According to Eric Cline (1177 BC), the Shekelesh and Sherden, two of the Sea people groups mentioned in Egyptian writings, likely came from Sicily and Sardinia respectively. The Peleset, who would end up settling in modern day Palestine and Israel, are assumed to be the biblical Philistines. Linguistic and archeological evidence points to an origin in the Mycenaean Greek culture zone.
The Denyen are hypothesized to be Homer's "Danaans", referring to the Mycenaeans.
What consensus is there on this topic in general today? Any new revelations or theories as of late?
What consensus is there on this topic in general today?
The consensus, such as it is, is dealt with pretty well by Eric Cline in his book. (You can also check out the AMA he did.) His book is essentially an update to Robert Drews's The End of the Bronze Age: Changes in Warfare and the Catastrophe ca. 1200 BC (1993), if you want to get an idea of how scholarship has progressed over the course of twenty years. (As an aside, "Sea Peoples" is not a term used by the Egyptian sources themselves, and suggests a unity to this disparate group of peoples that is misleading, as Cline also writes on p. 1; see also Drews's book, pp. 48ff.)
But debates are obviously ongoing and unlikely to get settled in any definitive sense without further discoveries. It's always difficult/problematic to identity ancient peoples (or places) based on how their names – in Egyptian sources, in this case – look sort of similar to names from later times. I assume this is what you mean with "linguistic" evidence, since there's no record of the languages that any of these peoples spoke (the Egyptians refer to people from the north, etc., but that's it).
For example, the Ekwesh (or Eqwesh) mentioned in Egyptian sources have been equated with "Achaeans" (one of the terms used by Homer to denote the Greeks in general), and from this then follows that Ekwesh = Mycenaeans.
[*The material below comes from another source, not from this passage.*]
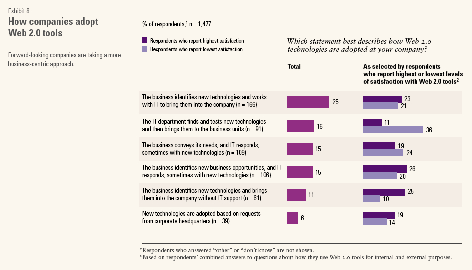 In the McKinsey report on Web 2.0 in the Enterprise from 2008, Exhibit 8 reports on how companies adopt Web 2.0 tools.

But the fact that the Ekwesh are specifically mentioned as lacking foreskins (see the transcription in Cline's book, p. 7) would argue against this interpretation, since as far as we know (and can tell from Aegean iconography), Mycenaeans weren't circumcised.
Then there are the Peleset (= Philistines), a name that isn't easily linked to anything from the Aegean, who seem (!) to be associated with Mycenaean pottery in their Levantine settlements (cf. Cline's book, p. 157), and so -- the argument goes -- may have come from the Aegean. But associating "pots with people" is a perennial problem in archaeology, because material culture cannot be connected simply with ethnic identity.